I thought readers might like a peek at how I spent three hours of my life earlier in the week.The original task was to transfer a set of customer account numbers from a SQL SERVER box to a Teradata (a data warehouse) box in order to find all customer activities associated with those accounts before a certain cutoff date.
Within minutes, it became clear that the real task was getting Teradata to recognize a column of dates as dates. The column looks like this: 07/20/2010, 07/25/2010, ...
What's the problem? You say, of course, anyone can see these are dates. Well, Teradata disagrees - and until and unless Teradata is fully convinced I have offered it a column of dates, I couldn't proceed with my original task, which was to compare these dates to the cutoff date.
Teradata thought those were strings of characters, not dates. I tried the simplest solution first: cast(datecolumn as date). Teradata wouldn't budge, complaining that my datecolumn were "invalid dates".
From the manual, I confirmed that a valid way to use the cast function is cast('2010-07-20' as date). So, I needed a way to convert 07/20/2010 into '2010-07-20'.
I fumbled around a bit as I learned that Teradata does not support many classes of solutions I'm familar with, like regular expressions, an MDY type function (which produces a date given month, day and year inputs), a find-and-substitute function, etc. So I stopped being cute, and reluctantly did it the brute-force way, using substrings and concatenates.
First, I tested cast('2010-07-20' as date) and it created a Teradata date 07/20/2010. Yes, that looked exactly like my input data but human eyes deceive, if the database proclaimed it not to be a date, then it was not a date.
Next, I substituted '2010-07-20' with that brute-force substring-concatenate expression. To my surprise, it failed, complaining again of invalid dates. I fished out some samples of these dates. On visual inspection, they looked like dates. Smelled like dates.
Undeterred, I took out the cast-as-date function and applied the substring-concatenate expression to the full column of dates, and it ran without a hitch. Then, I put the cast-as-date function back in, which instantaneously bombed.
Now that the dumb way stumbled, I went back to being cute. Maybe I could trick Teradata by splitting into two steps, first creating a new data table with the substring-concatenate output, which seemed to have worked before, and then running the cast-as-date function.

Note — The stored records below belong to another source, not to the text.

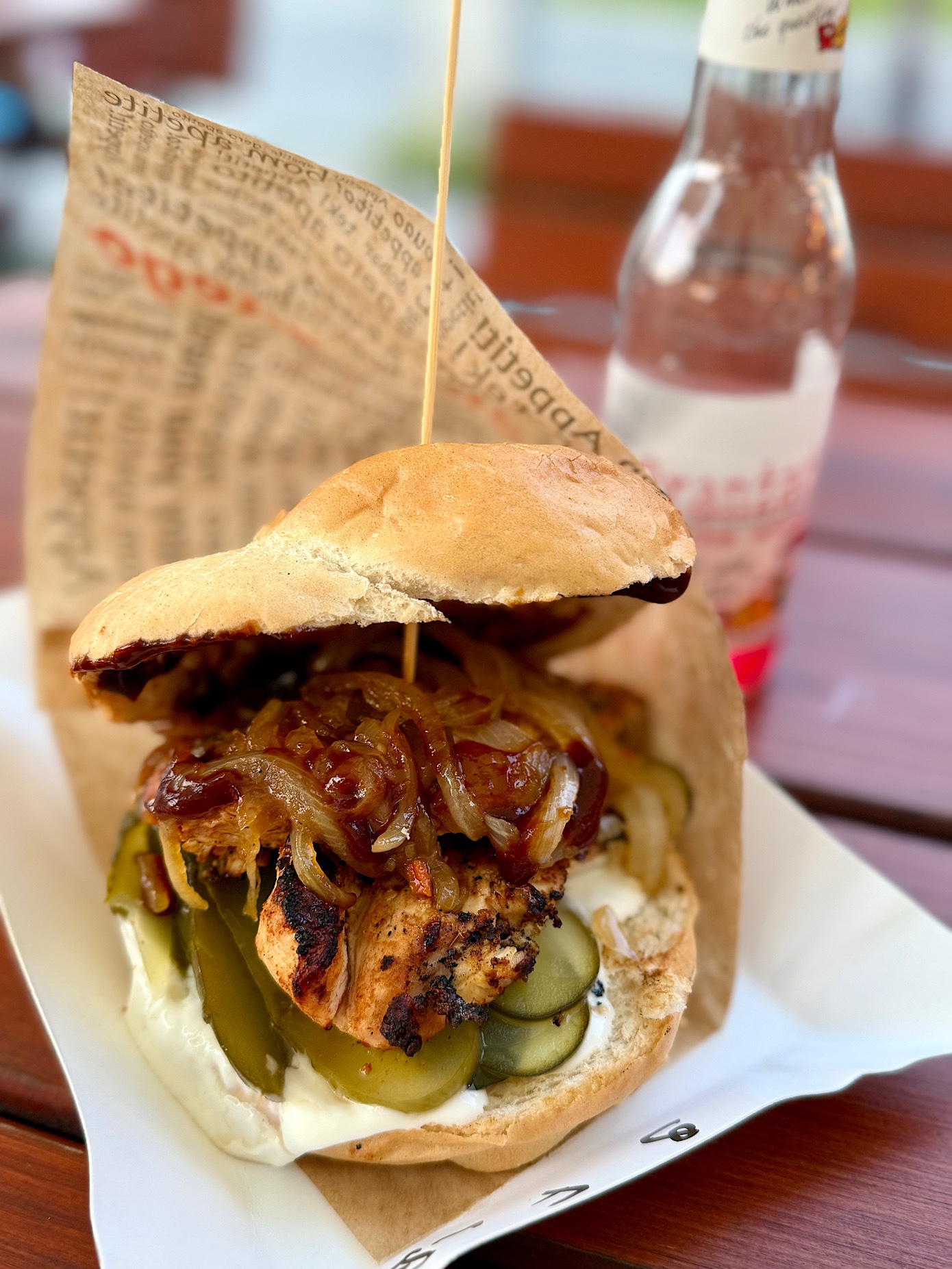 Bugs jak z grilla z domowego ogrodu czy działki. Rubaszna buła, pachnący ogniem i drewnem kotlet (szkoda, że nie medium), frywolne plastry grillowanego boczku, ciągnący się ser, wybitny cebulowy dżem, świeże warzywa na czele z kiszonym ogórkiem.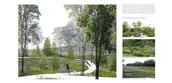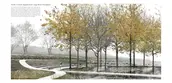 North Atlantic Coastal Plain Basin Swamp and Wet Hardwood Forest - The wet hardwood forests, originally located in low-lying areas that are poorly drained, have relatively shallow depressions and are often influenced by groundwater and overland water flow. In this project, the existing open lawn is partly manipulated to include several narrow linear channels, planted with different species. There will be a small ponding and flowering rain garden in this collection during the wet season. In the dry season, the corridor of different trees appears in different colors, and people can walk on the open lawn. The strong linear planting pattern aims to provide accessibility and clear views.
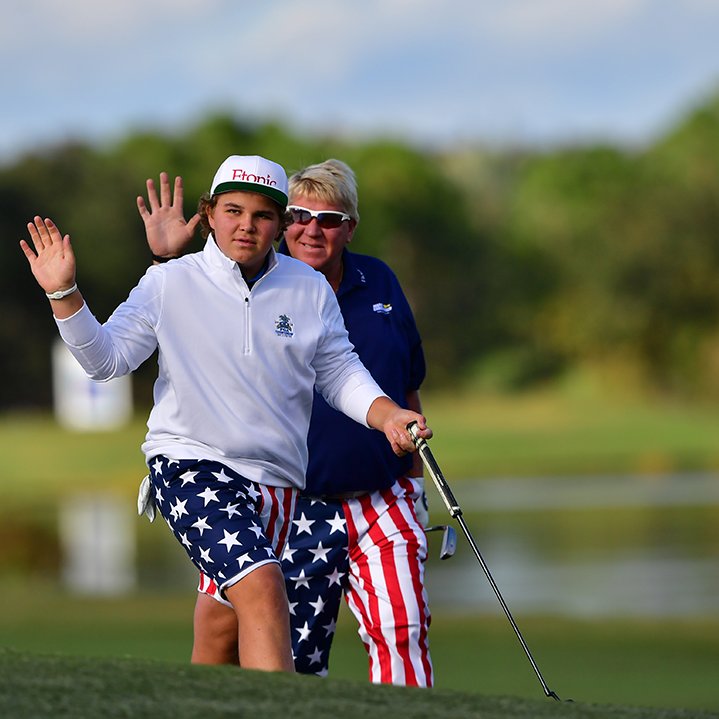 Tyrone Clarke, and the eldest son of Darren Clarke, celebrated birdiing the closing hole on the final day to be bogey-free on debut at the 2018 PNC Father-and-Son Challenge in Orlando.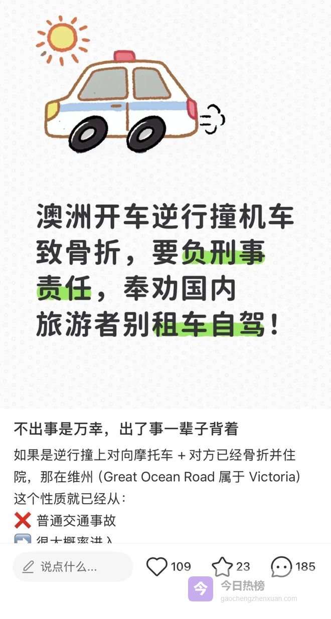 但不管责任最终如何认定,一点很清楚——逆行在澳洲属于极其严重的交通违法行为,一旦造成人员重伤甚至死亡,法律后果绝不会轻。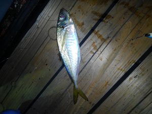 すると、1投目からコンコンコンコンとアタリ。ゆっくり巻いてきたらナイスアジ。非常に嬉しい。魚が釣れるってこんなに嬉しいんだ!と再確認。コーフンしすぎて巻きすぎたくらい。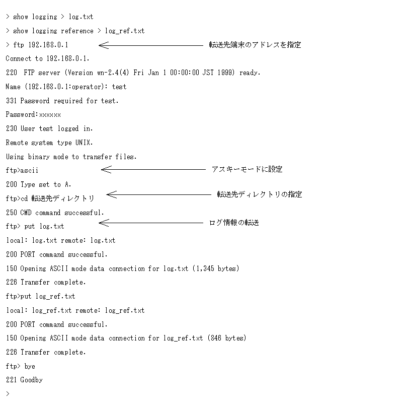 リモート運用端末との間でファイル転送を行う場合はftpコマンドを使用します。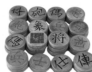 早期的象棋,一套棋具由棋、箸、局三種器具組成。棋共六子,分別為:梟、盧、雉、犢和兩枚塞。箸,相當(dāng)于骰子,在棋之前先要投箸。局,是一種方形的棋盤(pán)。比賽時(shí),“投六箸,行六棋”,斗巧斗智,相互進(jìn)攻逼迫,而置對(duì)方于死地。在這種棋制的基礎(chǔ)上,后來(lái)又出現(xiàn)一種叫“塞”的棋戲,只行棋不投箸,擺脫了早期象棋中僥幸取勝的成分。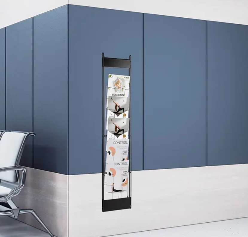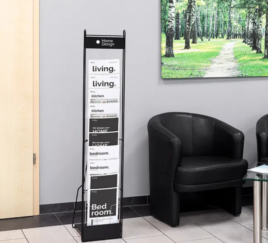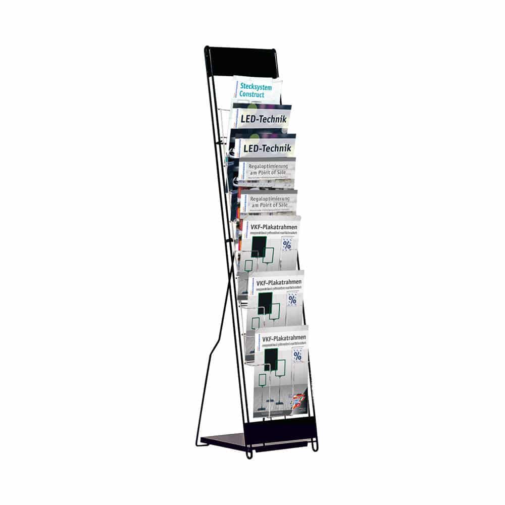 Et brosjyrestativ av stål i en fargekombinasjon av krom og svart. Egnet til aviser og blader, der det er behov for å eksponere flere ulike utgaver uten at det er nødvendig å vise hele forsidene i stativet.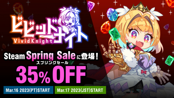 株式会社アソビズム(本社:東京都千代田区、代表取締役:大手智之)は、日本時間2023年3月17日(金)よりSteamにて開催される“Steamスプリングセール”に、『ビビッドナイト』が登場することをお知らせいたします。

Maybe not. As soon as I put the substring-concatenate expression together with two lines of code that generate data tables, it choked. The mystery deepened. The same code when used without the data-table generation code, succeeded in producing Teradata dates, and yet as soon as I wrapped it inside the data-table code, it stalled. The error officially had to do wtih a missing something between the date variable and the comma sign inside the substring function. It was a so-called "syntax error". Very troubling because the same code ran smoothly when the output was ported to a pop-up window but when the output was to be stored in a data table, the server apparently wanted a different syntax! In any case, I couldn't figure out what Teradata was grumbling about.
***
Teradata and I were not friends at the moment. What to do? Like a spurned lover, I sought out my other good friend, SQL SERVER. What if I converted the column of dates to dates first before the data got transferred into Teradata?
So I did that. After a laborious procedure, the data got moved into Teradata. Alas, the dates still showed up as strings of text. Doubled back to SQL SERVER: there, the dates were dates. This meant the program used to transfer data between the two platforms would not recognize those as dates.
My colleague suggested a Hail Mary. (Yes, now two "data scientists" were working on this glamorous problem.) Makes the dates "datetime". Datetime looks like this: 07/20/2010 00:00:00. The time component will be all zeroes since my data contains no information about time. It was a Hail Mary because we had really no rationale why the database would read datetime but not date. You just do random things when you run out of rational ideas.
It worked. It worked. It worked.
SQL Server converted the column of dates to datetime format. Teradata not only reads this correctly but reads this three times, once as a datetime, once as a date and once as a time.
And I skipped over the exasperating data transfer procedure. Importing the data into Teradata requires a special utility. Half the time, the utility will not launch properly, and when that happens, I issue a command-line instruction to reset the utility from the operating system. On this particular day, after the utility opened, it took five tries to establish a network connection. One setting must be switched from default before running the utility. Switching that setting always snips the network connection. So, it was another five tries to restore the connection. And only then could the data transfer get off the ground.
***
Three hours later, it worked. The "it" has morphed from finding customer activites to getting a database to see '07/20/2010' as a date not text.
The SQL SERVER box has closed up shop for the night. I still haven't found a single customer transaction. The project has a long way to go.
Every project one runs into situations like this. It's not an outlier. Welcome to the world of data science.